[Start of Attachment]

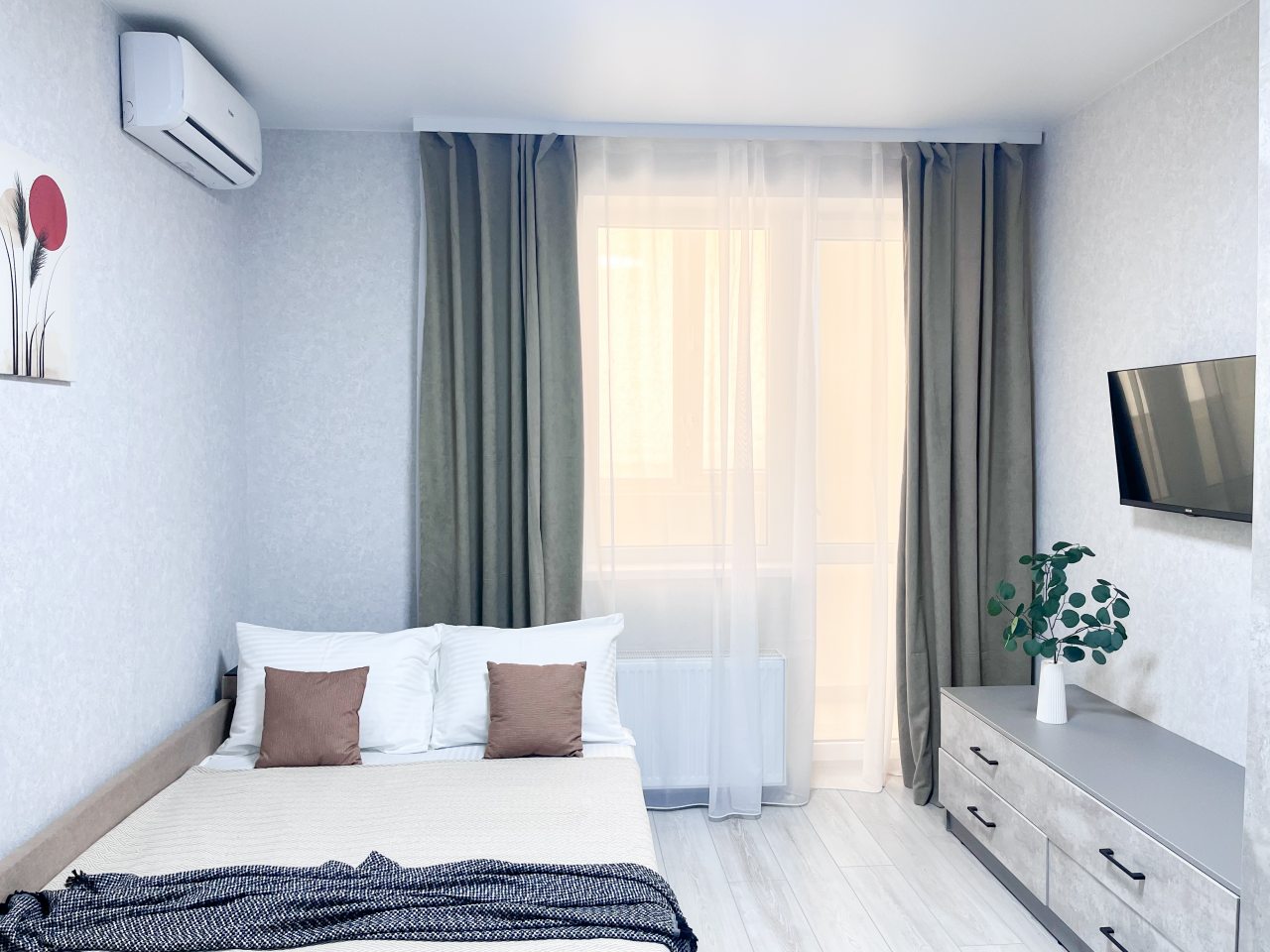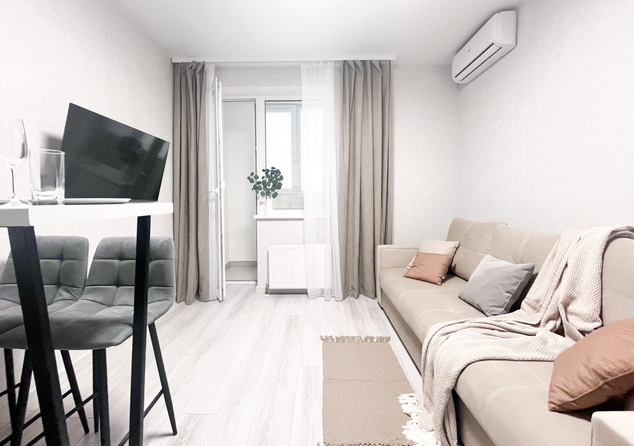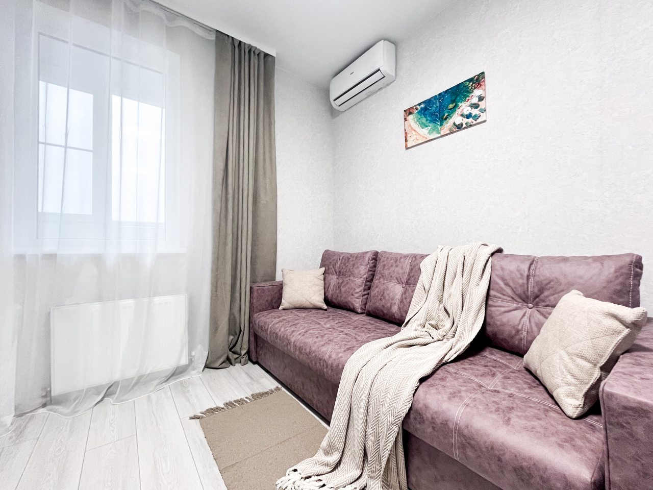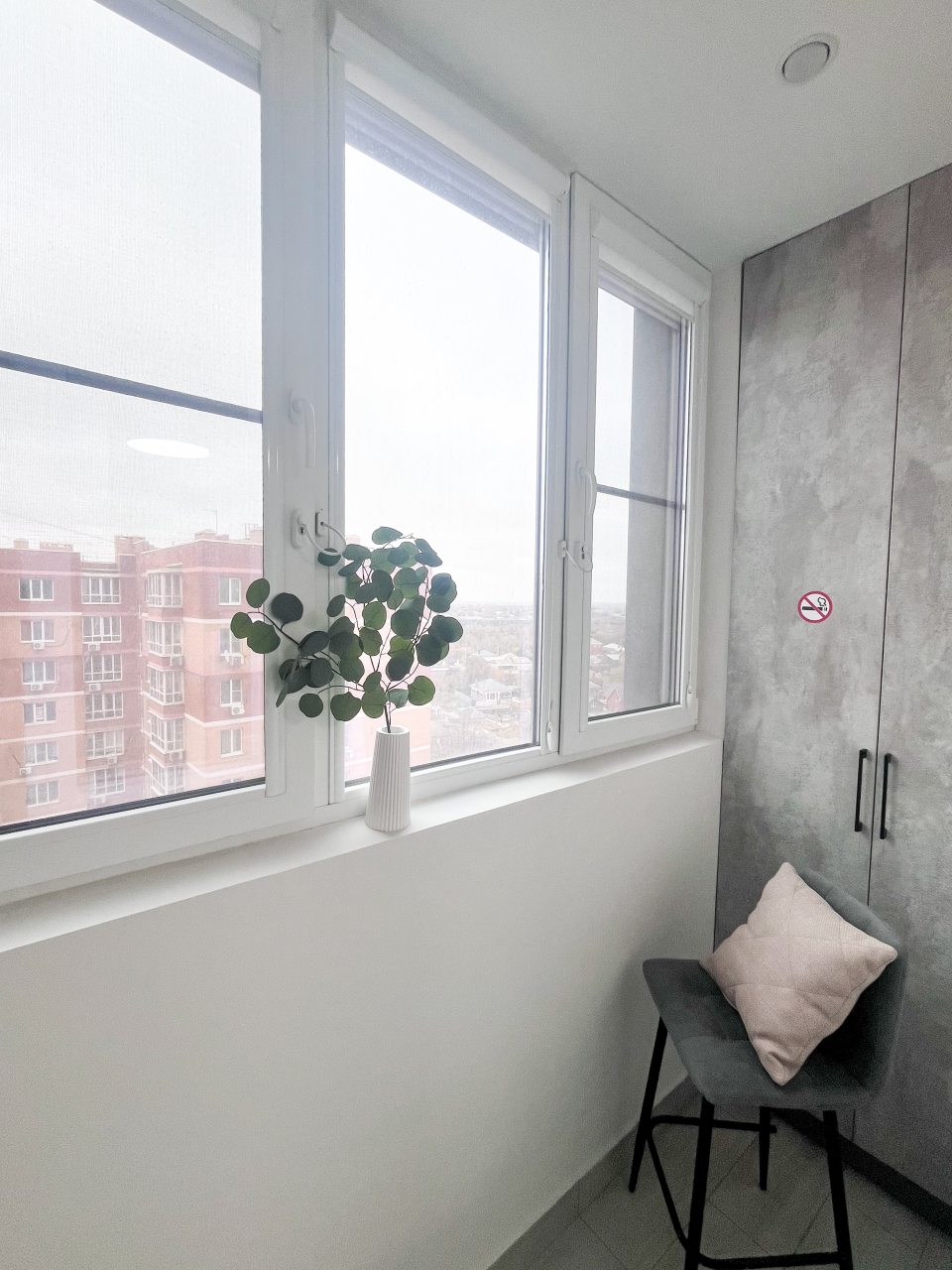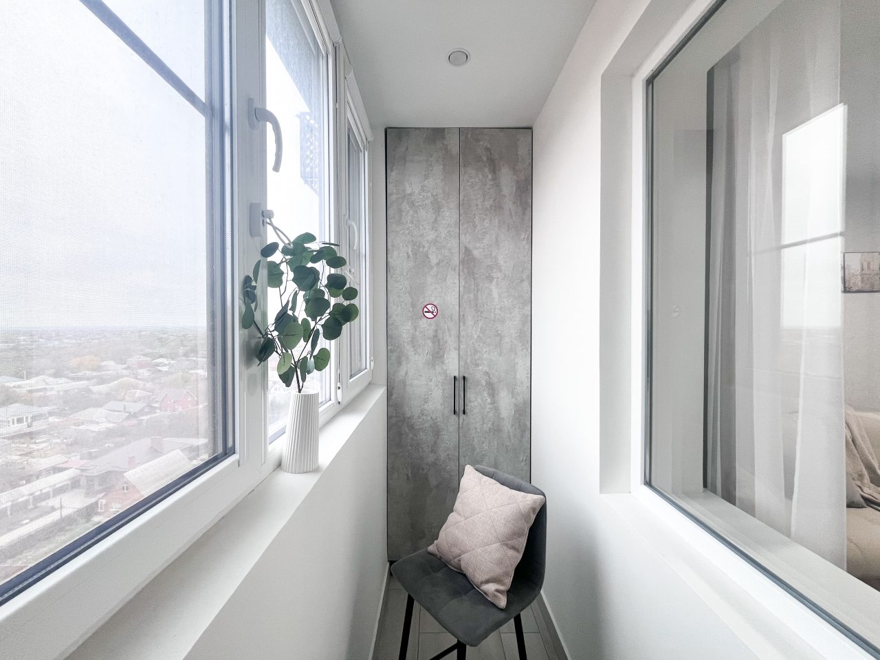 Для размещения предоставляется современная квартира, оснащенная качественной мебелью, техникой и текстилем. Из удобств установлены: телевизор, стиральная машина, кондиционер. Ванная комната оснащена косметическими средствами и набором полотенец. Имеется зона отдыха на балконе, откуда открывается вид на город.
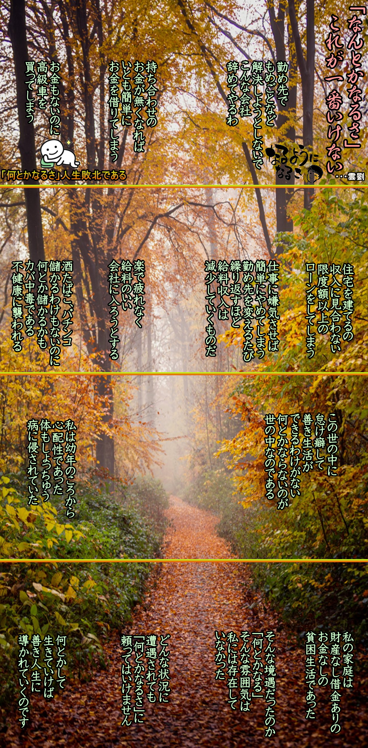 ◆[15]人生序章 ・・・軽部征夫著「なぜかいいアイデアが出てくる人の思考法」より *賢く生きて行くためには人生設計が大切である ◆できる人は必ず「計画を立てる」 私は、どんな行動にも詳細に計画を立てるのが習慣になっている。たとえば、電車に乗って出かける用事ができる。どの電車に乗って、どこで乗り換えたらいいか、時間はどのくらいかかるというようなことは誰でも考える。しかし、それ以上のことは、まず考えないだろう。私は、それが二十分、三十分のことであっても、乗っている時間に何をするかを考える。 今は運賃前払いのICカードを使っているが、昔は、次に切符を買う小銭があるかどうかを前もって確かめ、券売機の前で並んでいるときには、すでに小銭を握っていたものだ。後ろに行列ができているのに、券売機の前に立ってはじめて財布を見るような人がいるが、そういうのを見ているとイライラする。 せっかちと言えばその通りだが、とにかく、行き当たりばったりの行動が許せない体質になっているのだ。私の場合は少し極端すぎて、バカバカしく感じられるかもしれない。しかし、時間はどんな人間にも平等に与えられている。こればかりは売り買いするわけにいかない。あなたの仕事の量は、与えられた時間を、いかに有効に活用するがの一点にかかっているのである。 こんな話がある。働き者の漁師が新しい網を手に入れた。漁師はその網で一日目は百匹の魚をとった。日を追うごとに彼はより長時間、仕事に精を出すようになった。しかし、とれる魚の量は、逆に少なくなった。それを見た仲間がこう忠告した。「どうして網を修繕しないのた。穴があいていたら、魚がとれなくなるのは当たり前ではないか」すると、漁師はこう答えた。 「俺は忙しいんだ。綱を修繕している暇がない。もっとたくさんの魚をとらなきやならないのだから……」「時間がない」「忙しい」を口癖にしている人は、えてしてこの漁師と同じことをしている。「忙しい」 ことを理由にして、次にすべきことに対して無計画に立ち向かっているのである。 目的を持って、それを達成していこうとするなら、時間を有効に活用するために計画を立てなければならない。計画を立てて時間を活用する意識が生まれれば、穴のあいた綱を使い続けるような愚を犯すことはない。大切なのは、つねに計画を立てる習慣をつけることである。習慣にすることによって短い時間も有効に使われ、それが積もり積もって大きな差になるのである。
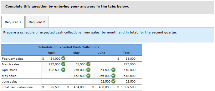 Prepare a schedule of expected cash collections from sales, by month and in total, for the second quarter.
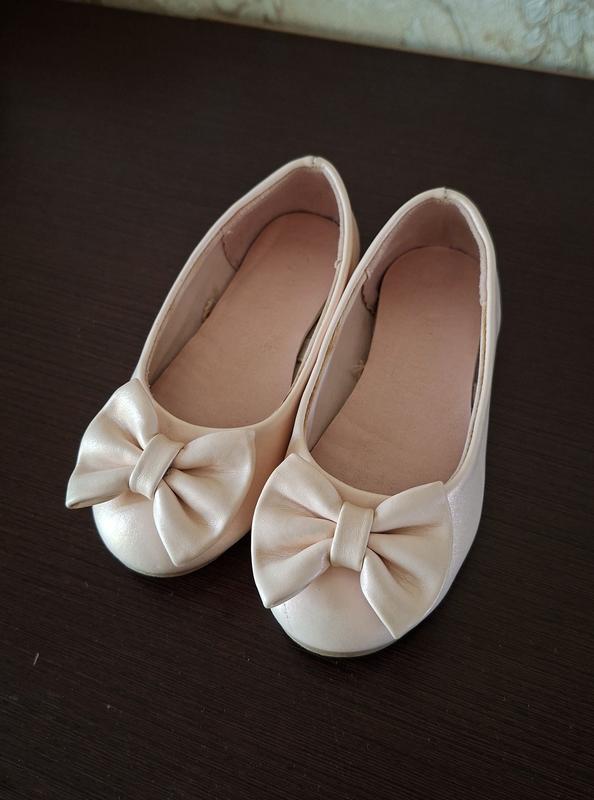 Продам гарні туфлі для дівчинки. Бежево-рожевий колір з перламутром. Розмір 24. На одному носочку невелика полосочка, при використанні не видно.
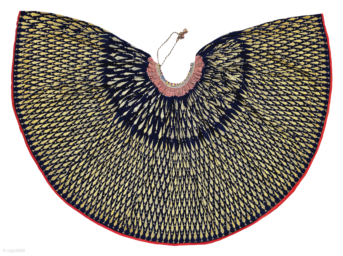 Rare Indigo Blue Wheat Design Phulkari Embroidery Ghaghra (Skirt) Indigo-Dyed Cotton Embroidered in floss silk.
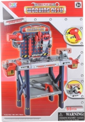 banco da lavoro in plastica con attrezzi per piccoli artigiani, che include un trapano a batteria, una morsa, pinze, sega, martello e varie chiavi.
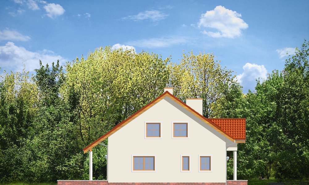 Na Wspólnej to dom jednorodzinny przeznaczony dla trzypokoleniowej rodziny, z odrębnym mieszkaniem dla dziadków lub dorosłych dzieci. Bryła domu jest prosta - rzut parteru o kształcie prostokąta przekryty poddaszem i dachem dwuspadowym. Wejście z domu zaakcentowano frontonem na dwóch kolumnach. Od strony ogrodu przewidziano zadaszony taras. Na parterze zaprojektowano wspólny dla obu mieszkań duży przedsionek z wejściem do kotłowni. W części odrębnego mieszkania znajdują się pokój dzienny z aneksem kuchennym, łazienka i sypialnia. W pozostałej części parteru: pokój dzienny z jadalnią i wygodnymi schodami, oraz kuchnia ze spiżarką. Na poddaszu umieszczono trzy sypialnie z dwiema łazienkami. Jedna z sypialni to oddzielna część państwa domu z ich łazienką i garderobą. Dom można również zaadaptować likwidując oddzielne mieszkanie i zamieniając je na garaż i np. gabinet dostępny z pokoju dziennego.
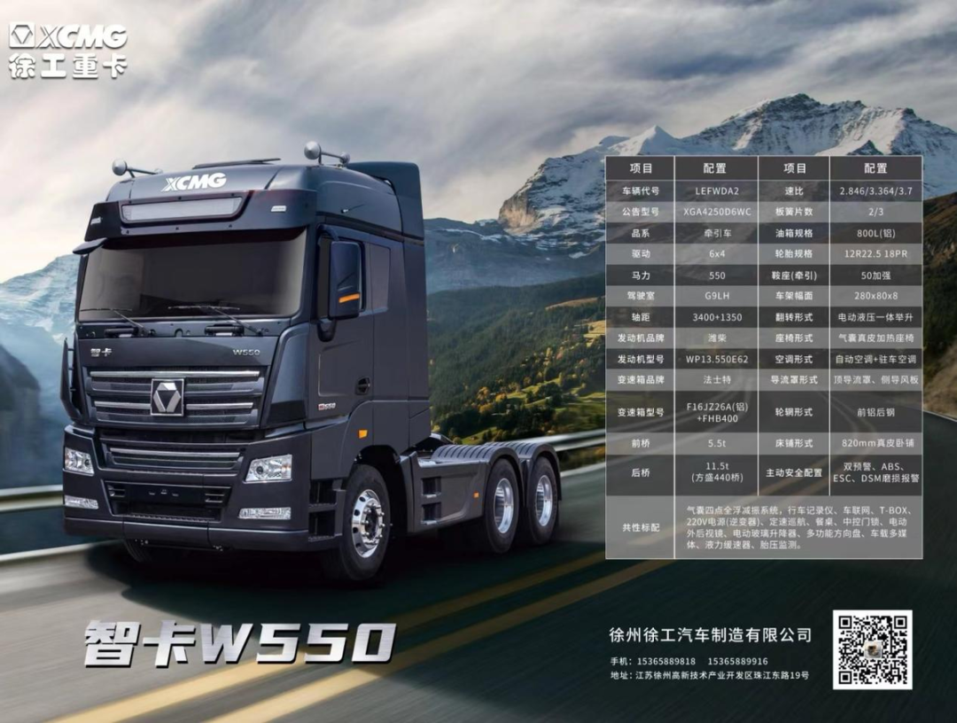 而且张师傅了解到,徐工重卡在2022年11月18日首发上市了一款全新的旗舰级产品:徐工智卡W550,不仅搭载了潍柴蓝擎第二代13升550匹马力发动机、法士特智行16档AMT变速箱;而且属于高端旗舰重卡的配置应有尽有。
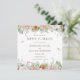 This square shaped save the date invitation design features beautiful peach and white flowers with greenery and white ribbons, on top of some rose-gold accents. The rose petal confetti adds an additional final special touch.

[End of Attachment]

◆ **WHAT THE TASK REQUIRES**
Retype the whole listing exactly and leave the pictures out.

◆ **EXPECTED ANSWER**
 Для размещения предоставляется современная квартира, оснащенная качественной мебелью, техникой и текстилем. Из удобств установлены: телевизор, стиральная машина, кондиционер. Ванная комната оснащена косметическими средствами и набором полотенец. Имеется зона отдыха на балконе, откуда открывается вид на город.
 ◆[15]人生序章 ・・・軽部征夫著「なぜかいいアイデアが出てくる人の思考法」より *賢く生きて行くためには人生設計が大切である ◆できる人は必ず「計画を立てる」 私は、どんな行動にも詳細に計画を立てるのが習慣になっている。たとえば、電車に乗って出かける用事ができる。どの電車に乗って、どこで乗り換えたらいいか、時間はどのくらいかかるというようなことは誰でも考える。しかし、それ以上のことは、まず考えないだろう。私は、それが二十分、三十分のことであっても、乗っている時間に何をするかを考える。 今は運賃前払いのICカードを使っているが、昔は、次に切符を買う小銭があるかどうかを前もって確かめ、券売機の前で並んでいるときには、すでに小銭を握っていたものだ。後ろに行列ができているのに、券売機の前に立ってはじめて財布を見るような人がいるが、そういうのを見ているとイライラする。 せっかちと言えばその通りだが、とにかく、行き当たりばったりの行動が許せない体質になっているのだ。私の場合は少し極端すぎて、バカバカしく感じられるかもしれない。しかし、時間はどんな人間にも平等に与えられている。こればかりは売り買いするわけにいかない。あなたの仕事の量は、与えられた時間を、いかに有効に活用するがの一点にかかっているのである。 こんな話がある。働き者の漁師が新しい網を手に入れた。漁師はその網で一日目は百匹の魚をとった。日を追うごとに彼はより長時間、仕事に精を出すようになった。しかし、とれる魚の量は、逆に少なくなった。それを見た仲間がこう忠告した。「どうして網を修繕しないのた。穴があいていたら、魚がとれなくなるのは当たり前ではないか」すると、漁師はこう答えた。 「俺は忙しいんだ。綱を修繕している暇がない。もっとたくさんの魚をとらなきやならないのだから……」「時間がない」「忙しい」を口癖にしている人は、えてしてこの漁師と同じことをしている。「忙しい」 ことを理由にして、次にすべきことに対して無計画に立ち向かっているのである。 目的を持って、それを達成していこうとするなら、時間を有効に活用するために計画を立てなければならない。計画を立てて時間を活用する意識が生まれれば、穴のあいた綱を使い続けるような愚を犯すことはない。大切なのは、つねに計画を立てる習慣をつけることである。習慣にすることによって短い時間も有効に使われ、それが積もり積もって大きな差になるのである。
 Prepare a schedule of expected cash collections from sales, by month and in total, for the second quarter.
 Продам гарні туфлі для дівчинки. Бежево-рожевий колір з перламутром. Розмір 24. На одному носочку невелика полосочка, при використанні не видно.
 Rare Indigo Blue Wheat Design Phulkari Embroidery Ghaghra (Skirt) Indigo-Dyed Cotton Embroidered in floss silk.
 banco da lavoro in plastica con attrezzi per piccoli artigiani, che include un trapano a batteria, una morsa, pinze, sega, martello e varie chiavi.
 Na Wspólnej to dom jednorodzinny przeznaczony dla trzypokoleniowej rodziny, z odrębnym mieszkaniem dla dziadków lub dorosłych dzieci. Bryła domu jest prosta - rzut parteru o kształcie prostokąta przekryty poddaszem i dachem dwuspadowym. Wejście z domu zaakcentowano frontonem na dwóch kolumnach. Od strony ogrodu przewidziano zadaszony taras. Na parterze zaprojektowano wspólny dla obu mieszkań duży przedsionek z wejściem do kotłowni. W części odrębnego mieszkania znajdują się pokój dzienny z aneksem kuchennym, łazienka i sypialnia. W pozostałej części parteru: pokój dzienny z jadalnią i wygodnymi schodami, oraz kuchnia ze spiżarką. Na poddaszu umieszczono trzy sypialnie z dwiema łazienkami. Jedna z sypialni to oddzielna część państwa domu z ich łazienką i garderobą. Dom można również zaadaptować likwidując oddzielne mieszkanie i zamieniając je na garaż i np. gabinet dostępny z pokoju dziennego.
 而且张师傅了解到,徐工重卡在2022年11月18日首发上市了一款全新的旗舰级产品:徐工智卡W550,不仅搭载了潍柴蓝擎第二代13升550匹马力发动机、法士特智行16档AMT变速箱;而且属于高端旗舰重卡的配置应有尽有。
 This square shaped save the date invitation design features beautiful peach and white flowers with greenery and white ribbons, on top of some rose-gold accents. The rose petal confetti adds an additional final special touch.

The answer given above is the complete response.